Князь, почитай, из целой роты только и знал одного флангового, окромя фельдфебеля. Раз как заболел фланговый да ушел в госпиталь, так он по плацу с полчаса искал роту, разов пять проходил мимо и все в стеклышко смотрел, да под конец уже спросил, где 3-я рота.
Мы это часто промеж себя удивлялись на его стеклышко, что в глазу сидит. Думали, что помогает ему смотреть, так нет — на маневрах, бывало, далеко видит и без стекла, а больше вблизи в него смотрел, когда господа около стоят. И когда смотрел в него, так такой сердитый становился. Может быть, он затем и смотрел в стекло, чтобы сердитее казаться?
Про князя говорили, что он всю службу был где-то адъютантом и на время поступил в роту, чтобы получить полк какой или батальон. Без этого, говорят, нельзя, чтобы не командовать ротой. Службу совсем не знал, ротное ученье все фельдфебель делал, а он сбоку смотрел. А на больших ученьях, бывало, как горнист начнет играть какой сигнал, так он ему И говорит: «Ты не играй, я слышу, как играют, а ты только говори мне, что трубили: направо или налево». А уж по хозяйству куда меньше знал, чем капитан Шаробоков.

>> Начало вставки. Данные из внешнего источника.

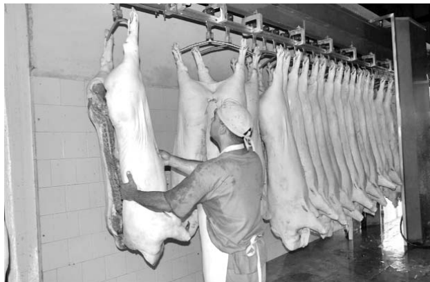
Del total de la producción, más de 8 700 toneladas son entregadas al balance cárnico a través del MINAL.

La mayor parte de esa suma —8 758 toneladas— ha sido comercializada con el Ministerio de la Industria Alimentaria (MINAL), que con la terminación de un nuevo matadero también ha redimensionado sus capacidades en Sancti Spiritus,
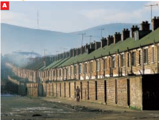
Case a schiera in un quartiere operaio di Belfast (Irlanda)

Intorno al centro storico c'è la città industriale , che è stata costruita quando le industrie sono diventate molto importanti e tanta gente è andata a lavorare nelle fabbriche. In Europa, questo è successo fra il 1850 e l'inizio del Novecento. Nella città industriale ci sono: i quartieri borghesi più vicini al centro, con case belle e strade piuttosto grandi (i viali); le fabbriche e i quartieri operai più in periferia, con case più povere, spesso tutte uguali o molto simili, come vedi qui sotto:
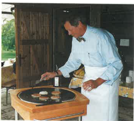
Küchen Dross und Schaffer verwöhnte uns mit eigenem Koch und neuester Küchentechnik am 9. Loch
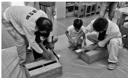
大工道具に初めての挑戦
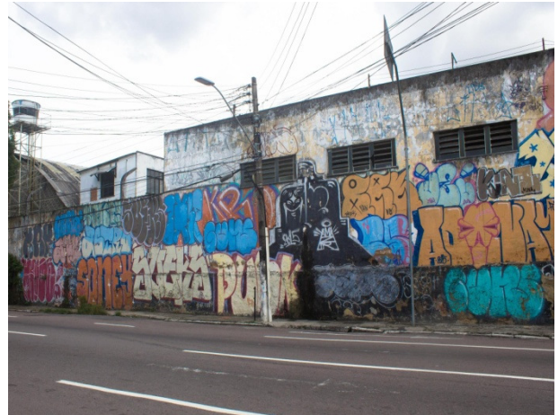
Figura 12: Sopa de Letras. Sem título. 2017. Fotografia digital.
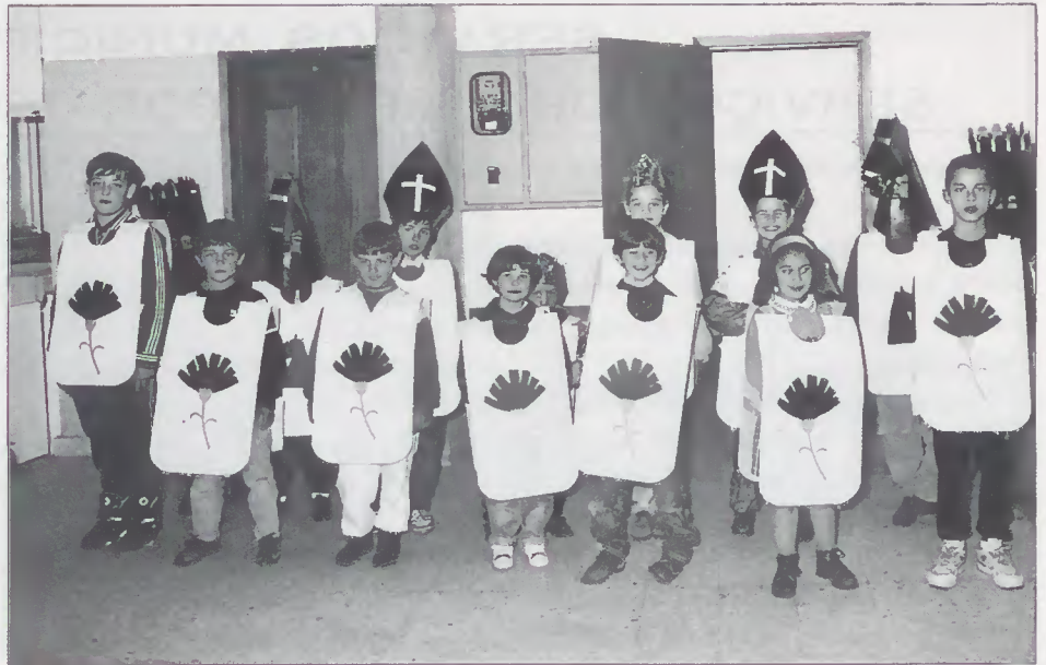
Acção de iniciação ao Xadrez

De realçar a excelente classificação das nossas escolas, num conjunto de 45 participantes do distrito, o que constituiu um excelente prémio para todos, professores e alunos, que ao longo do ano escolar deram o seu melhor em prol do desenvolvimento desportivo.

Это раз пришла ему охота посмотреть, как хлебы пекут. Хлебопек был из старых, как следует вымесил квашню, поделал хлебы, посадил их в печь и оставил на дне кислого теста, чтоб скорее закисало новое. Князь и видит, что он на старое сыпет муку, как взъестся на него: «Ты, — говорит, — свинья, не хочешь чисто хлебы делать! Выкинь, выкинь старое вон!» Насилу фельдфебель прибежал да отговорил его, что без этого тесто будет долго киснуть.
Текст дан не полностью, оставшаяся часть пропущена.